Montpellier - 26 mars

Programme libre Messieurs


Shoma, enfin !

  

Après tant de médailles d'argent et de quatrièmes places, Shoma Uno gagne son premier titre de champion du monde. Quel beau duo avec Kaori Sakamoto ! C'est la troisième fois que le Japon rafle les deux titres individuels. Mao Asada s'en était chargée en 2010 et 2014, d'abord avec Daisuke Takahashi puis avec Yuzuru Hanyu.

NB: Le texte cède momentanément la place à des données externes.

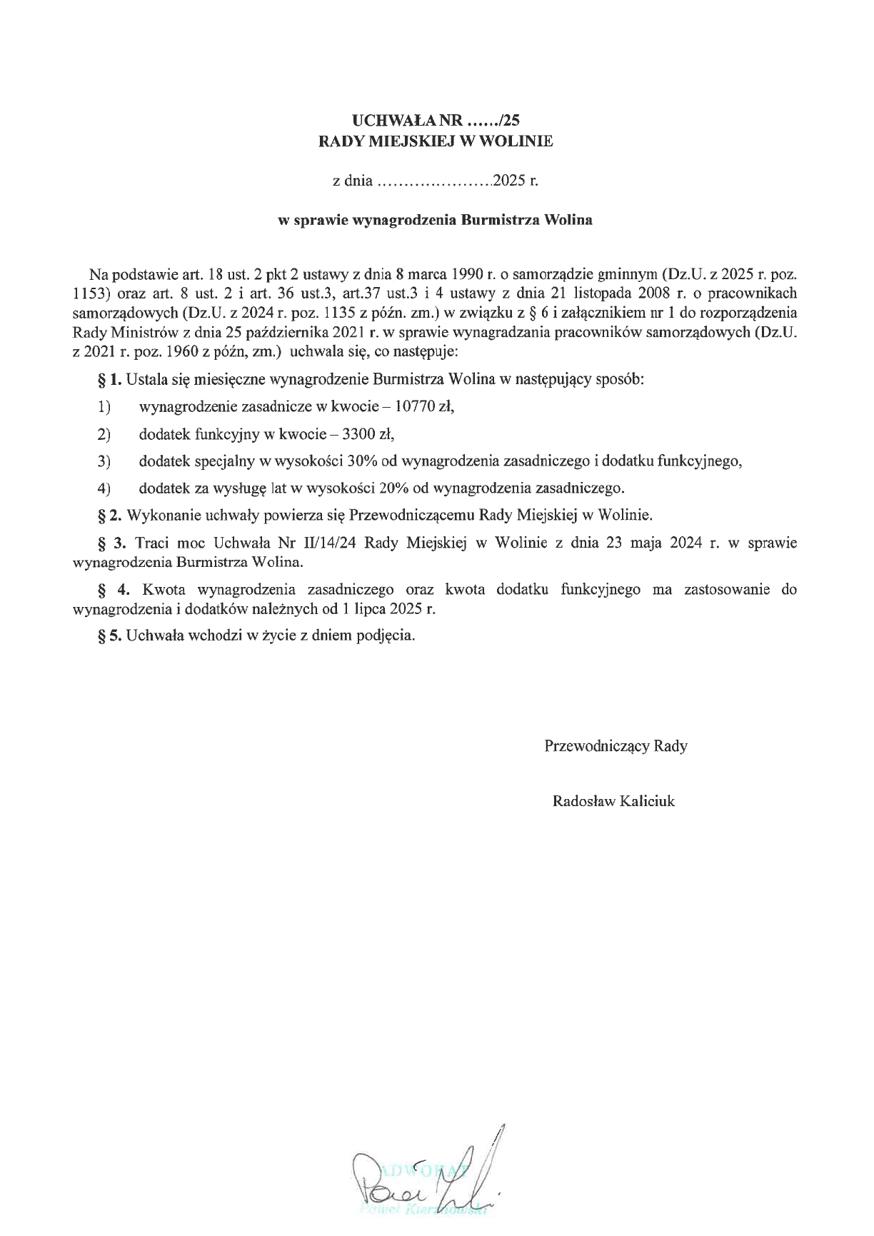 Klub Radnych „Razem zmieniamy Gminę Wolin” popierający burmistrz Ewę Grzybowską złożył na najbliższą sesję projekt uchwały. Uchwała dotyczy zmiany wynagrodzenia burmistrz Wolina. Sesja odbędzie się 30 października.

Le contenu technique est hallucinant : cinq quadruples dont un flip et un boucle piqué en deuxième partie de programme. 

 

Il s'exprime en conférence de presse : "Je suis très heureux, mais je n'ai pas pleuré car gagner cette compétition ou les Jeux Olympiques n'était pas mon but ultime. Je ne sais pas bien quel est mon but, mais je le découvrirai sans doute. Je suis heureux de partager ce podium avec Yuma qui est un ami et dont la concurrence me stimule beaucoup. Stéphane (Lambiel) m'a soutenu dans les hauts et dans les bas et nous allons continuer à travailler ensemble. Je vais participer à plusieurs galas au Japon, puis retourner en Suisse pour travailler sur mes nouveaux programmes. Contrairement à mon programme court qui avait un rythme lent assez facile à apprivoiser, le programme long avait un arrangement musical unique et une chorégraphie complexe, en plus des sauts. Je le travaillais beaucoup plus que le programme court. Il s'agit de la dernière compétition de la saison et j'ai enfin réussi ce que je voulais faire. C'était vraiment un programme difficile et je pense que mon prochain programme long me semblera plus simple". Stéphane Lambiel qui est dans la salle intervient avec un large sourire : "Ah non Shoma, on va encore monter le niveau !".

 

© Alice Alvarez - S.I.G.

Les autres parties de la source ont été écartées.